Il convient de rappeler que le barème indicatif d’invalidité préconise de retenir un taux d’IPP de 5% en cas de limitation des mouvements de la cheville dans le sens antéro-postérieur. Le taux de 5% attribué pour les limitations d’amplitude de la cheville n’est pas contesté par l’employeur. Le médecin conseil de la Caisse et le médecin conseil de la société [9] retiennent tous deux qu’il existe par ailleurs, pour ce qui concerne Mme [L], une limitation modérée de la mobilité de l’articulation sous astragalienne, le premier évaluant à 5% et le second à 3%, le taux d’IPP supplémentaire correspondant.
Dans son rapport le Docteur [V] estime surévalué le taux de 5% fixé par le médecin conseil de la Caisse concernant l’atteinte de l’articulation médiane du pied, en absence de traduction radiologique d’une arthrose de cette articulation et au vu de la marche normale constatée lors de l’examen clinique.
L’IRM de contrôle réalisée le 2 décembre 2022 soit un an après l’intervention montrait un début d’arthrose de l’articulation de la cheville, chez une patiente qui ne présentait aucun état antérieur, dont il convient de tenir compte. Par ailleurs, il est précisé dans la motivation de la décision de la Caisse, qu’il est tenu compte d’une incidence professionnelle, ce que le Docteur [V] n’inclut pas dans son analyse.
Enfin, le taux fixé par la Caisse étant conforme aux préconisations du barème précité, les seuls éléments invoqués par le Dr [V] et tenant au bon état clinique de la patiente ne peuvent suffire à remettre en cause le taux global de 10% ainsi fixé par la Caisse.
Ainsi, l’ensemble de ces éléments est de nature à justifier le taux d’IPP de 10% attribué par la Caisse, sans qu’il soit nécessaire d’ordonner une mesure d’instruction supplémentaire, le tribunal disposant de suffisamment d’éléments pour statuer.

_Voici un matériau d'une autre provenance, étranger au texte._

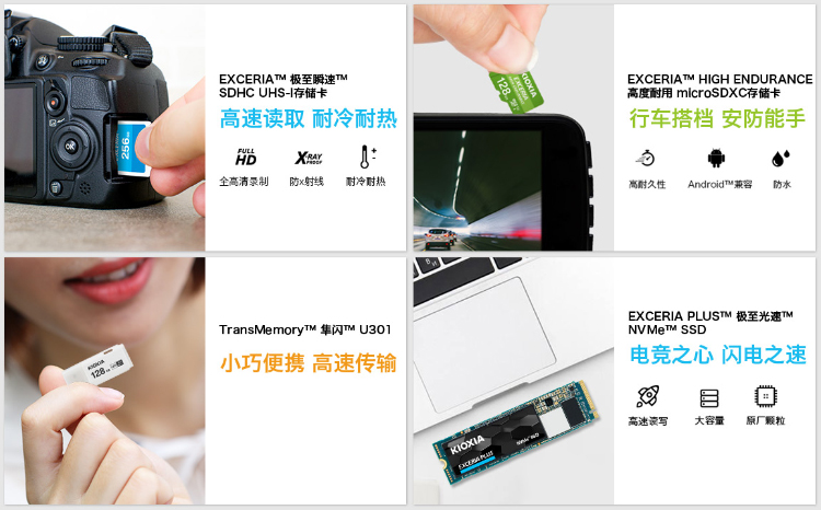 目前铠侠旗下的闪存产品已经完全覆盖之前的U盘系列, SD卡系列,固态硬盘系列。这些闪存设备都是采用铠侠(原东芝存储)自家生产的原厂颗粒制造,其品质与速度都非常不错,尤其是旗下的两款M.2固态硬盘RC10和RD10,颇受市场好评。

Par suite, il y a lieu de débouter la société [9] de sa demande de réduction du taux à 8% et de sa demande d’expertise.
PAR CES MOTIFS
Le tribunal, après en avoir délibéré conformément à la loi, statuant après débats tenus en audience publique, par jugement contradictoire, rendu en premier ressort,
DÉBOUTE la société [9] de sa demande tendant à lui rendre inopposable la décision de la [6] de fixation à 10% du taux d’incapacité permanente partielle de Madame [Y] [L] à la suite de son accident du travail du 11 novembre 2021 ;
DÉBOUTE la société [9] de sa demande de réduire ce taux à 8% ;
DÉBOUTE la société [9] de sa demande d’expertise;
En conséquence,
CONFIRME la décision de la [6] du 21 février 2024 fixant à 10% du taux d’incapacité permanente partielle de Madame [Y] [L] à la suite de son accident du travail du 11 novembre 2021 ;
CONDAMNE la société [9] aux entiers dépens;
Ainsi jugé et mis à disposition au greffe du tribunal le 28 avril 2025, et signé par la présidente et la greffière.